J'ajouterai volontiers une quatrième fonction, celle de divertir : // s'agit d'une
fonction essentiellement émotionnelle ; l'activité langagière y correspondant
aurait pour but de décharger des énergies psychiques, de créer des liens étroits
dans un groupe donné en constituant des références culturelles communes
(des « histoires ») éventuellement de se mettre en scène... (B. Schneuwly
(1988)).
Malgré les mises en garde méthodologiques (une intention peut se
réaliser par l'intermédiaire de plusieurs fonctions ; un même type de
discours peut être surdéterminé par plusieurs fonctions...) qu'elles avancent,
on reproche à ces typologies d'avoir laissé en suspens la mise en
correspondance entre les fonctions et la production des discours.

3.2.3. Les typologies situationnelles


« C'est dans le cadre de la composante situationnelle que devront être décrits
des genres discursifs tels que «publicitaire », «politique », «scolaire »,
«scientifique » etc. » (P. Charaudeau (1983)).
« [...] Une réflexion typologique sur les discours me paraît devoir prendre en
compte les genres du discours et considérer le poème, la pièce de théâtre et
le roman comme des genres de discours littéraire ; la parabole, l'hagiographie,
la prière, l'homélie et le sermon comme des genres du discours religieux ; le
fait-divers, le reportage, l'éditorial et la brève comme des genres du discours
journalistique ; l'article de loi et le plaidoyer comme des genres du discours
juridique, etc. » (J.-M. Adam (1987)).

113
« Le concept de discours renvoie enfin à une entité plus large, celle de la
formation discursive à l'œuvre dans le texte, entité qui n'est appréhendable
qu'en prenant en compte un ensemble de paramètres de nature sociale »
(J.-P. Bronckart (1985)).
« Même s'il reste vrai qu'un énoncé est en général pris en charge par un
locuteur individuel, il est également vrai qu'à un autre niveau d'analyse,
l'énonciateur peut être considéré (avec plus ou moins de pertinence selon le
type d'énoncé dont il s'agit) comme le représentant et le porte-parole d'un
groupe social, d'une instance idéologico-institutionnelle (sur le modèle de
« l'idiolecte », du « dialecte » et du « sociolecte », on pourrait proposer le
néologisme d'« idéolecte » pour désigner la compétence propre à un ensemble
d'individus appartenant à une même communauté idéologique [...] (C. Kerbrat-
Orecchioni (1980)).

Le foyer conceptuel mis en œuvre ici, pour classer les textes est le
domaine social à partir duquel les discours sont produits.
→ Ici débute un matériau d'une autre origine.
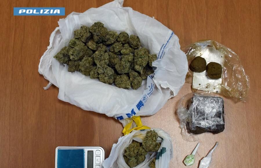 A Gallipoli il personale del commissariato il 6 dicembre scorso è intervenuto presso l’abitazione di un 31enne che aveva richiesto aiuto per un malore. All’arrivo dei poliziotti il giovane era in evidente stato di agitazione, causata, a sua dire, dall’assunzione di cocaina. Da qui la perquisizione domiciliare che portato al rinvenimento della droga: 64 grammi di hashish, 6 grammi di marijuana e 1 grammo di cocaina, già suddivisi in dosi e   un bilancino di precisione, mentre in uno spazio esterno all’abitazione sono stati trovati 35 grammi di marijuana. Procedendo nella perquisizione, in un ripostiglio sono state rinvenute anche cinque scatole ancora sigillate, contenenti materiale pirotecnico di diversa tipologia e in cattivo stato di conservazione che ha richiesto l’intervento degli artificieri di Brindisi. Tutto il materiale è stato così posto sotto sequestro e il 31enne è stato denunciato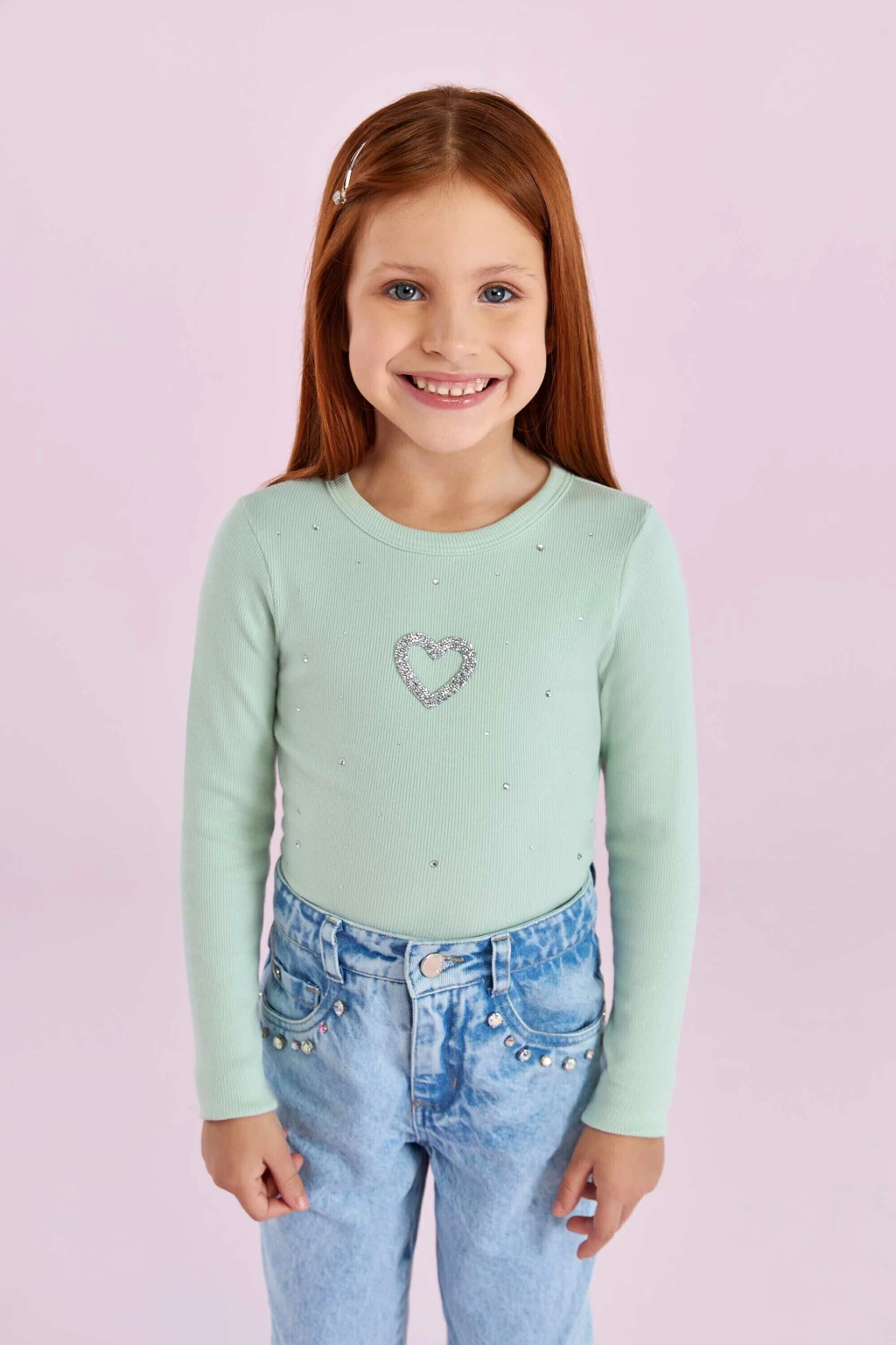 Essa blusa é simplesmente encantadora! Com um tom azul claro e mangas longas, ela é perfeita para compor looks que vão desde o esportivo até o social. O detalhe do coração em strass confere um charme especial, fazendo com que elas arrasem em qualquer ocasião!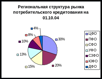 Рисунок 2.1. – Региональная структура рынка потребительского кредитования на 01.10.04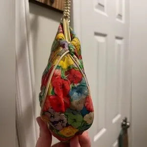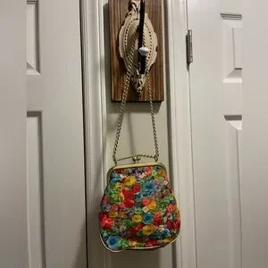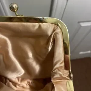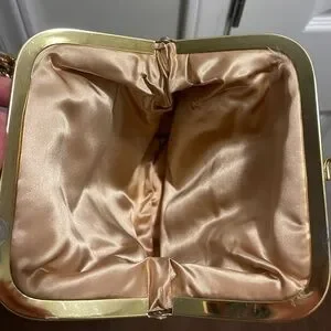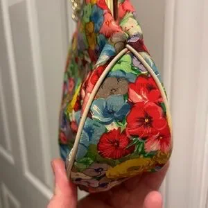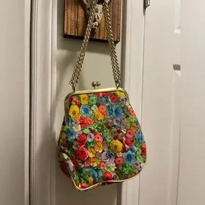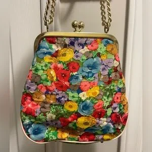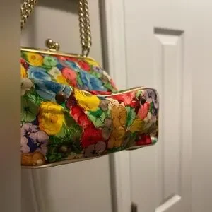 Town & Country brand bag features a multi-colored satin-like floral fabric exterior, gold metal frame with kiss clasp closure, ivory grosgrain fabric lined interior with slip wall pocket, gold chain handle that can be worn short or long and four metal feet on the bottom for protection. Interior fabric is in excellent condition, only call out is a small area of discoloration on the interior metal trim as shown in photos.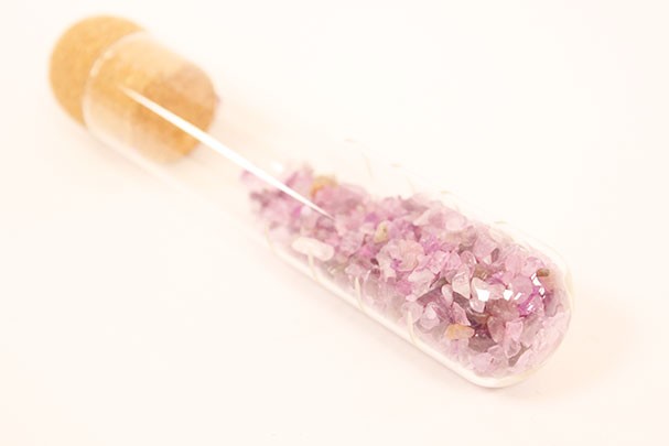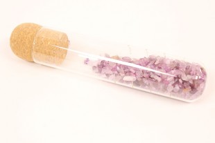 Tubo de cristal con chips de mineral para el tratamiento de agua. Realiza tu propio elixir de mineral o gemas para que el agua recoja la vibración energética del mineral, beneficiándonos de sus propiedades.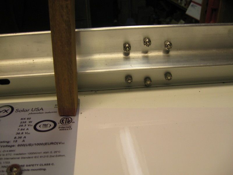 My bad. Changed the design of PV mounts after had already drilled holes in the frame. So the panel is a lot lighter now, and plenty of ventilation :)... Big panel, 60x40", 40 lbs. I can see how it flexes when I lift one corner, though it probably would without my holes too. Since it will be tilted, frame strength may become an issue.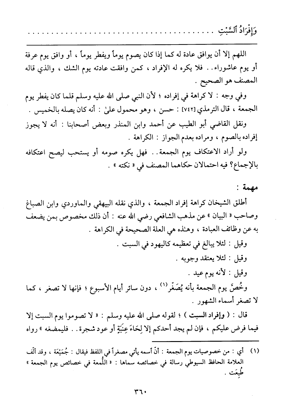 وَإِفْرَادُ السَّبْتِ

Qu'il existe des médiations entre les formes et les contenus des
discours et des institutions, les rhétoriciens en avaient déjà conscience. En
témoigne cet extrait de la Rhétorique française de Crevier (1765), cité par
R. Robin (1976) :
« Les discours de la première espèce du genre démonstratif, c'est-à-dire ceux
qui ont pour objet de louer, sont très usités parmi nous. Nous connaissons les
panégyriques des saints, les oraisons funèbres, les éloges qui se lisent dans
les Académies. La douceur de nos mœurs rend très rares au contraire les
invectives publiques, si ce n'est contre les vices en général sans attaquer les
personnes. Les Mercuriales, qui se font dans le Parlement de Paris à certains
jours marqués, pouvaient être regardées comme appartenant à ce genre de
discours. Mais outre qu'elles n'ont jamais admis les grands mouvements de
l'éloquence, n'étant que des répréhensions faites gravement à la face de la
justice par le magistrat exerçant l'autorité de la censure, aujourd'hui et depuis
longtemps elles se réduisent presque toujours à des avertissements généraux
souvent mêmes tournés en éloges. Les occasions du discours dans le genre
délibératif ne sont pas communes dans nos usages. Sous un gouvernement
monarchique tel que le nôtre, les affaires qui se traitaient à Rome et à Athènes
devant le Sénat et dans l'assemblée du peuple sont réservées à un conseil que
préside le Roi et auquel n'est admis qu'un petit nombre de ministres. Là les
grands ornements de l'éloquence seraient déplacés. Cependant la bonté et
l'équité de nos Rois les engagent souvent à demander les avis de leurs Cours
sur les affaires publiques et alors les délibérations qui se font dans ces grandes
compagnies ressemblent beaucoup à celles de l'ancienne Rome. Seulement
elles sont plus tempérées par le respect pour le souverain. »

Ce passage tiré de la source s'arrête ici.